Under what circumstances can a Maximus Independent Medical Review Determination be appealed?
Under Labor Code 4610.6(h), the grounds for appealing an IMR determination are very limited.
Challenges to the constitutionality of the IMR statute are currently pending, but the odds seem long that California courts will reject the IMR statute altogether.
So court decisions clarifying the basis for a valid appeal under Labor Code 4610.6(h) become important.
Some of the grounds for an appeal are basically non-starters. Proving fraud, material conflict of interest, or identity-group bias is basically impossible where the name of the Maximus reviewer is kept secret.
Labor Code 4610.5(h) lists an action taken “without or in excess of the administrative director’s powers” as a basis for overturning an IMR determination.
Also, Labor Code 4610.6(h)(5) adds the following as a basis to overturn the IMR decision: “the determination was the result of a plainly erroneous express or implied finding of fact, provided that the mistake of fact is a matter of ordinary knowledge based on the information submitted for review pursuant to Section 4610.5 and not a matter that is subject to expert opinion.”
A recent WCAB panel, Marissa Gonzalez-Ornelas v. County of Riverside (see link below) may provide some guidance as to how the WCAB will interpret 4610.6(h)(5). The three panel members were Brass, Sweeney and Deputy Commissioner Newman.
The case concerned a treating physician request for Synvisc injections in the knees which had been rejected by UR. The UR denial was appealed to IMR, which upheld the UR denial.
The applicant then appealed the IMR denial under Section 4610.6(h).
This attack on the IMR determination was rejected by the workers’ comp judge, who opined that:
“It seems to the undersigned that the question of whether a medical report contains language to support a specific diagnosis or explain a patient’s response to previous treatment is not a matter of ordinary knowledge, but instead one which requires expert opinion. If this characterization is accurate, the undersigned is not authorized to address this issue.”
The WCAB panel noted that while the IMR doctor claimed that there was no documentation that the worker had failed conservative treatment therapy and no documentation of osteoarthritis that was unresponsive to conservative therapy, those statements were not true.

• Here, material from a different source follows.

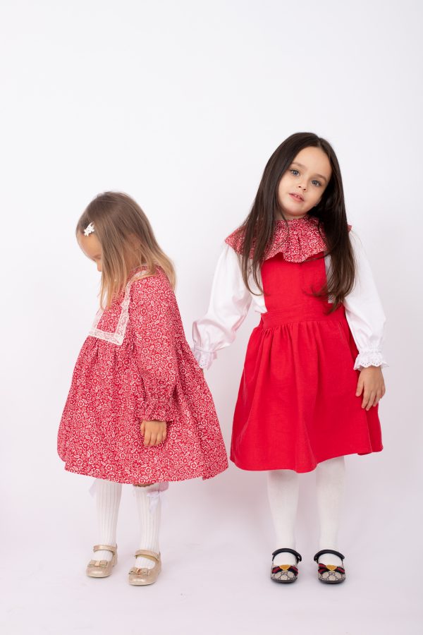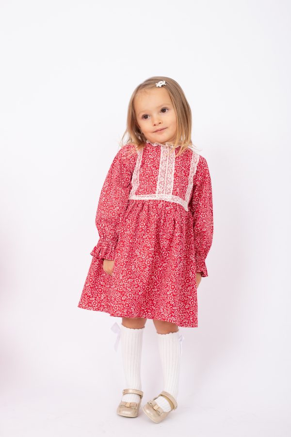 Rochia Isabelle din bumbac rosu cu imprimeu floral alb, este ideala pentru cea mai frumoasa perioada din an, fiind accesorizata cu nasturei tip perla la spate si o dantela fina in partea de jos, rochita Isabelle o sa fie foarte indragita de micile printese.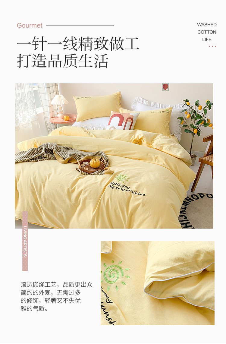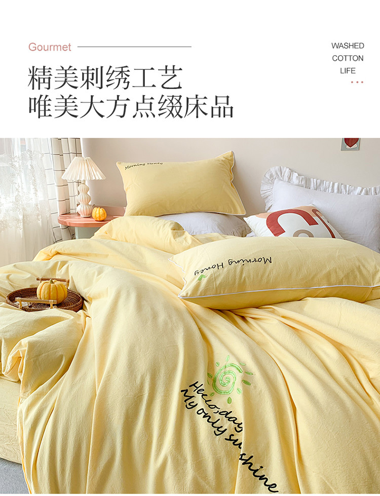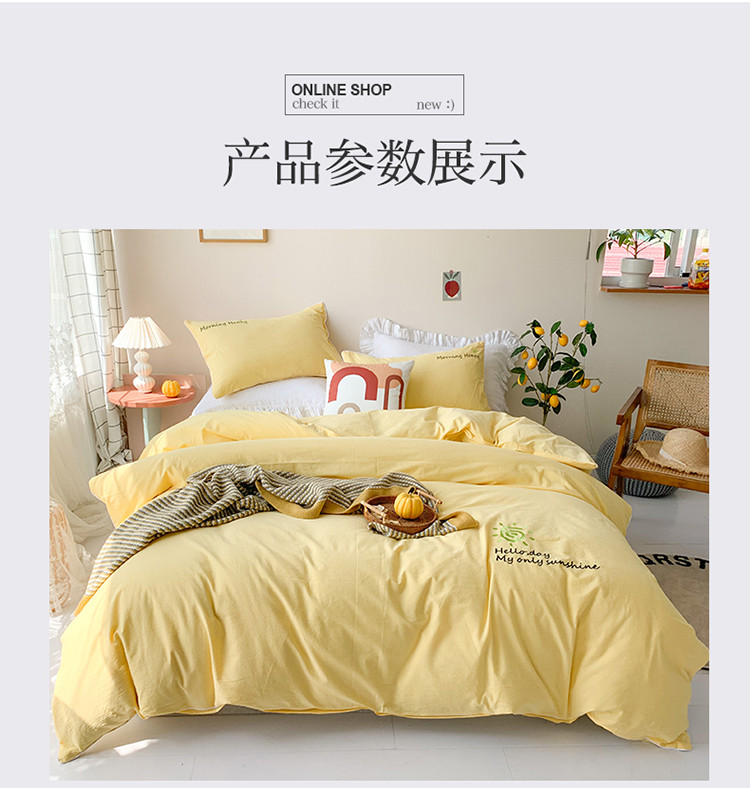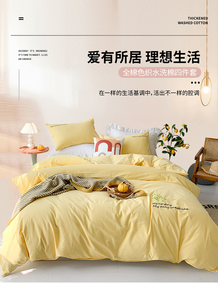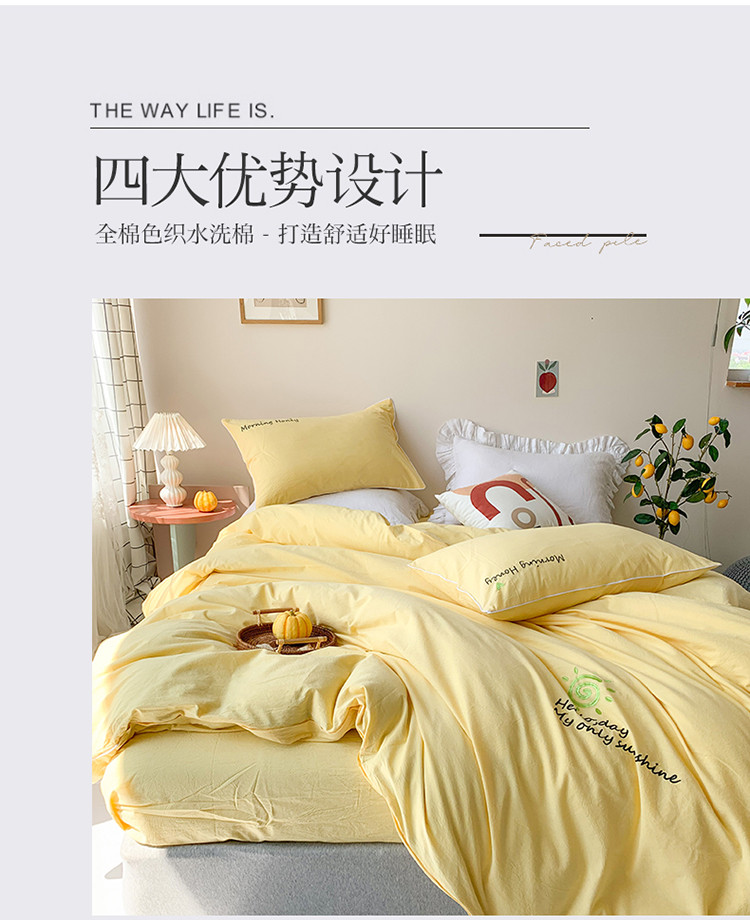 商品名称:玛奇朵 2021新品刺绣款纯棉色织水洗棉四件套 嫩黄

The treating physician had, in fact, documented those things.
The WCAB panel noted that “expert opinion is not needed in order to determine that the IMR decision in this case is defective.”
Moreover, since the IMR decision referenced the ODG Guidelines on the issue of knee injections, the WCAB panel stated that “It is also within the realm of ordinary knowledge to determine from the face of the IMR decision that the use of the injections is recommended by the ODG for people who suffer from osteoarthritis in their knees, like applicant”.

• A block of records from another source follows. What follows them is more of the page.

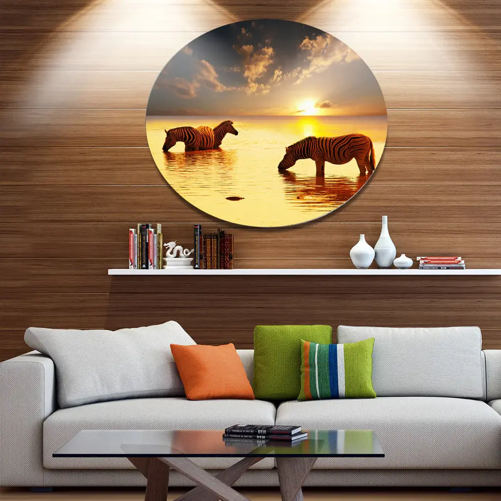 Bring Contemporary Abstraction to your home with this large Circle Metal wall art. This Zebras in Water At Sunset Metal Artwork makes it the focal point of any room or office. - White Gloss Coating ensures colors are extra vibrant with light reflection.- Aluminum grade Sheet Metal with 1 inch mounting frame on the back giving the illusion that the artwork is floating on the wall..- Mounting Brackets are included along with instructions.- High Quality Digital images are created directly into a glossy aluminum panel producing a stunning and captivating print into the glossy finish of the metal.- Water, Fire and Scratch resistant HD Aluminum panels.- Looks better than any photo paper and guaranteed to last at least 20 years- Easy to clean with a microfiber cloth. Colors are far superior to regular Canvas Art. - Easy to Hang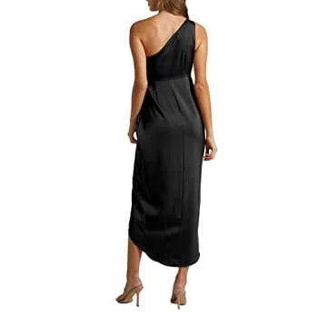 Discover the elegance of the LYANER Women's One Shoulder Ruched Sleeveless Split Wrap Hem Zipper Midi Dress. This stunning black midi dress combines a chic one-shoulder design with a flattering silhouette to create a show-stopping look for any occasion. Crafted from a lightweight and breathable fabric, this dress gracefully hugs your curves while providing ultimate comfort and style. Its below-knee length and exquisite wrap hem give it a sophisticated touch, ensuring you look and feel fabulous...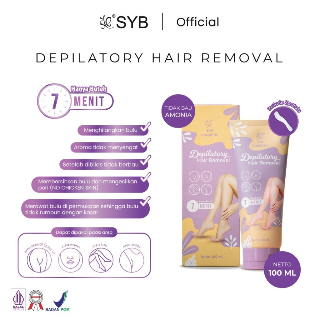 NEW SYB DEPILATORY HAIR REMOVAL 100 ML [PEMBERSIH BULU TANPA RASA SAKIT & DAPAT MENGECILKAN PORI] / 25ml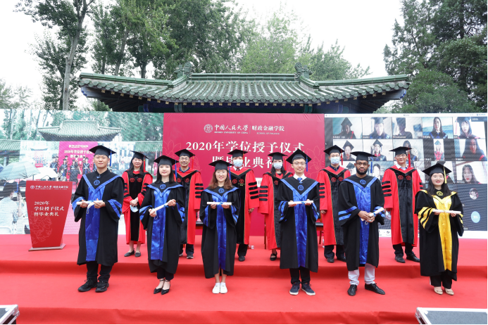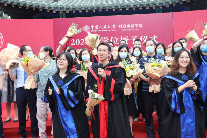 学位授予仪式上,吴晓球、庄毓敏、岳希明、张成思、王芳、贾俊雪等6位教授为现场毕业生拨穗并颁发学位证书,祝贺同学们顺利完成学业。

In support of its decision, the panel referenced language from the Stevens v. WCAB case which spoke glowingly and expansively about the scope of WCAB review of IMR under Labor Code 4610.6(h).
Keep in mind, however, that overturning IMR is not a total win for the worker’s desired treatment.
4610.6(h) merely requires that the DWC assign a new IMR of the treatment, starting a new cycle.
This decision, unless successfully challenged by the defendant, will be a useful tool for skillful counsel to challenge egregious and unjust IMR determinations. The level of effort and analysis required to reach this result may, however, make successful application of the case limited to a relatively small group of cases.